Segment Start: Supplied data
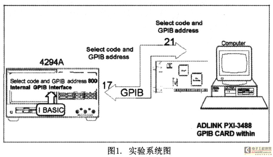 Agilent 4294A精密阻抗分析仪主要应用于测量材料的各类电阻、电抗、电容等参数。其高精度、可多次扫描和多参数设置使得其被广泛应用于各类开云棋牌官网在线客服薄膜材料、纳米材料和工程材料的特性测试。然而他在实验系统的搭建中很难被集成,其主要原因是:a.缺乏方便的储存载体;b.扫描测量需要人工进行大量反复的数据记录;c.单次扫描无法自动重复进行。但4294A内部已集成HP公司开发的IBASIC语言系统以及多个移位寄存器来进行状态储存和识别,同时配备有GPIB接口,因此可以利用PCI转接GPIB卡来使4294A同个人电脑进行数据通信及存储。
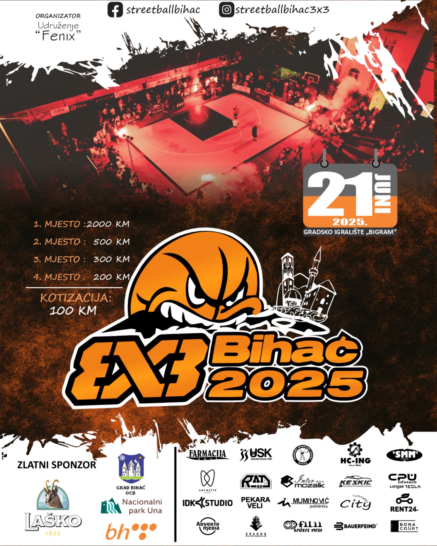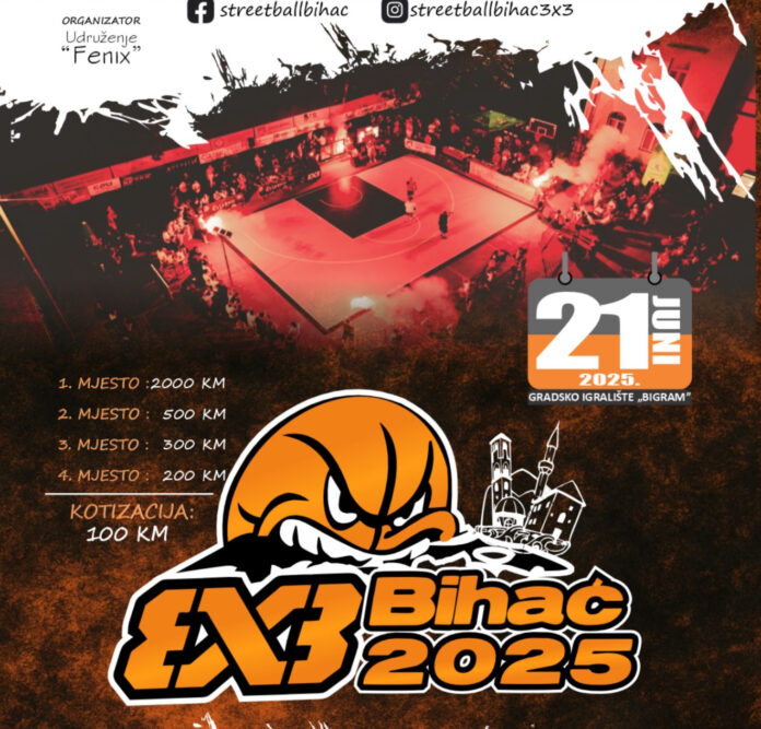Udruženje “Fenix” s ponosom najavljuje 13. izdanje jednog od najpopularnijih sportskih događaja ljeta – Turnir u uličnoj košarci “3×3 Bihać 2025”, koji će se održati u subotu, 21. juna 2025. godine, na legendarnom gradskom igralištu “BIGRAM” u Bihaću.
Segment End: Supplied data
Segment Start: Supplied data
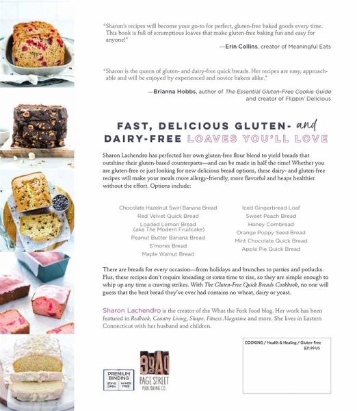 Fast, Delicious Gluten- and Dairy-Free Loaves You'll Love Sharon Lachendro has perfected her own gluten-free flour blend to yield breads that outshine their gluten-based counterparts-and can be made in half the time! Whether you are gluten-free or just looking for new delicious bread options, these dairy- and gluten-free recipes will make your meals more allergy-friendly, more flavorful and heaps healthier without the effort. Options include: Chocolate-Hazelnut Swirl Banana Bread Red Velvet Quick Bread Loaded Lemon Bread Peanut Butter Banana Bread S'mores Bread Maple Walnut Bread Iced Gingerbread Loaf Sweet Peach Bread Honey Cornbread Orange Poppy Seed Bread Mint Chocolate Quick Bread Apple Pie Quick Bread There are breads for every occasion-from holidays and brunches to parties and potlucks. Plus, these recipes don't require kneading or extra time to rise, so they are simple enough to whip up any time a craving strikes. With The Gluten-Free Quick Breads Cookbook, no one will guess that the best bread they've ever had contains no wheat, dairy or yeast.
Segment End: Supplied data
# [Your instructions]
Given the entries above, transcribe exactly the lines from the one holding "Agilent 4294A精" through the one holding "s ponosom najavljuje"; pictures do not belong in the transcription.

# [Answer section]
 Agilent 4294A精密阻抗分析仪主要应用于测量材料的各类电阻、电抗、电容等参数。其高精度、可多次扫描和多参数设置使得其被广泛应用于各类开云棋牌官网在线客服薄膜材料、纳米材料和工程材料的特性测试。然而他在实验系统的搭建中很难被集成,其主要原因是:a.缺乏方便的储存载体;b.扫描测量需要人工进行大量反复的数据记录;c.单次扫描无法自动重复进行。但4294A内部已集成HP公司开发的IBASIC语言系统以及多个移位寄存器来进行状态储存和识别,同时配备有GPIB接口,因此可以利用PCI转接GPIB卡来使4294A同个人电脑进行数据通信及存储。
Udruženje “Fenix” s ponosom najavljuje 13. izdanje jednog od najpopularnijih sportskih događaja ljeta – Turnir u uličnoj košarci “3×3 Bihać 2025”, koji će se održati u subotu, 21. juna 2025. godine, na legendarnom gradskom igralištu “BIGRAM” u Bihaću.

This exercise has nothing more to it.